Just a few days ago, Chainlink unveiled its cross-chain interoperability protocol, CCIP, with the intention of making it simpler to transfer funds between blockchains. However, the co-founder of Chainlink has much more ambitious goals than merely connecting public blockchains.
Chainlink Co-Founder Sergey Nazarov’s Bold Vision and CCIP Protocol
The legislative climate will eventually let them link to open blockchains like Ethereum, according to Sergey Nazarov, who predicts that banks and other financial institutions will launch their own blockchains that are likely restricted or permissioned in some form. Furthermore, he claimed that if this thesis is true, it might significantly increase the value of cryptocurrency.
You have this public blockchain and internet of contracts primarily defined by DeFi, and you have this bank-chain world, which I think will be primarily defined by real-world asset tokens. The next stage will be getting these two worlds to overlap. And when that happens, beyond the efficiencies and the gains for each of these groups, then you will see the blockchain industry as a whole, I think grow very, very rapidly by trillions of dollars.
Nazarov
CCIP Protocol
Token transfers between chains are made possible by the recently introduced protocol, which acts as a technical infrastructure. It makes use of the Chainlink network, which has a track record of giving trustworthy data to blockchains, generally from real-world data, such as pricing information.
But in the case of CCIP, the network makes it possible for information to be shared between blockchains, guiding the movement of assets in a secure way. Even though the network is currently running on the mainnet, it is still in an early access stage and is being tested in conjunction with other cryptocurrency projects like Synthetix and Aave.
So I’ve been selling these banks blockchain stuff for about six, seven years. And the historical pattern has been that when there is a downturn in crypto prices, the banks lose interest. But this time is the first time after the four cycles that I’ve been through that this hasn’t happened. And I think the reason it hasn’t happened is because their clients want blockchain stuff,
Nazarov
In addition, the infrastructure has been tested in the conventional banking system before it was recently introduced. Over a dozen financial institutions have been investigating CCIP for directing token transfers across public and private chains over the current Swift messaging infrastructure.
Why Nazarov Thinks Banks Will Need Their Own Blockchains?
Nazarov outlined his reasoning for believing that banks will create their own blockchains based on Chainlink’s experience working with Swift and banks.

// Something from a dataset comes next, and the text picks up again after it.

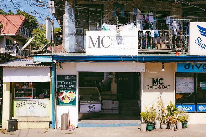 맥 카페 & 바는 식당이자 쉼터다. 왜냐고? 코론에서 호텔을 제외하고 에어컨을 켜는 공간이 많지 않은데, 맥 카페는 언제나 시원하다. 서양인을 비롯해 많은 여행자가 무더운 오후를 안전하게 보내기 위해 몰려든다. 메뉴도 파스타와 피자 같은 양식, 디저트, 커피, 주류로 구성돼 있다. 노트북을 가져오는 이들도 있고, 낮술을 즐기는 여행자도 쉽게 볼 수 있다.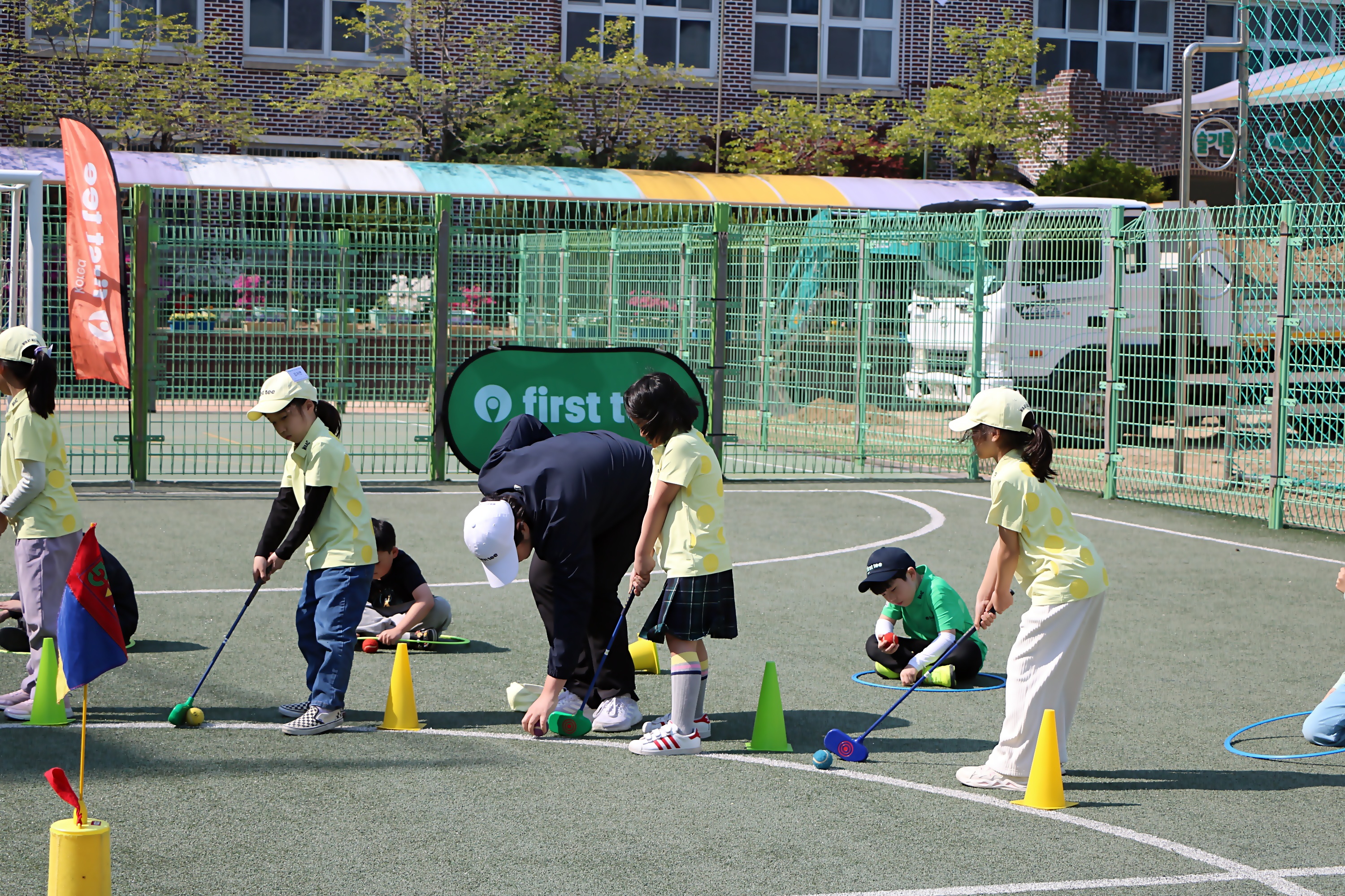 운동장 보수공사 관계로 안전을 위해 지난주에 이어 퍼팅 실습을 하고 있는 아이들

According to Nazarov, there are three steps to adopting a bank. Custody is the primary emphasis of Stage 1, which comprises only maintaining crypto assets on their native networks. Stage 2 includes the tokenization of physical goods, which is equivalent to creating derivative assets. This begs the question of which chain these assets will be added to. Nazarov said that at this point, banks realize they must create their own chains if they are to have complete control over their tokenized real-world assets.
Stage 3 starts to take shape when banks begin to create financial protocols on their own chains. Basically, it mirrors the current DeFi landscape but inside a more constrained regulatory environment. Nazarov predicts Chainlink will play a role in this.

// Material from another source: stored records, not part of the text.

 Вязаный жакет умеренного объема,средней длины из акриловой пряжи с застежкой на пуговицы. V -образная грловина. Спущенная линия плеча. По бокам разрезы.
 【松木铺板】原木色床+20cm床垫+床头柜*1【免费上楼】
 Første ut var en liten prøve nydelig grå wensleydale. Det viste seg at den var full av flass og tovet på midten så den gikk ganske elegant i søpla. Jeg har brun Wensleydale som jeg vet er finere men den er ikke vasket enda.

In that third stage, they’re invariably going to be dealing with us because we power the vast majority of DeFi. They’re going to need market data, they’re gonna need identity data, they’re gonna need automation, they’re going to need functions. All the stuff we make, they’re going to need. I know that because I’ve already seen a lot of the designs, and the designs are basically copying the DeFi (protocols) we already power.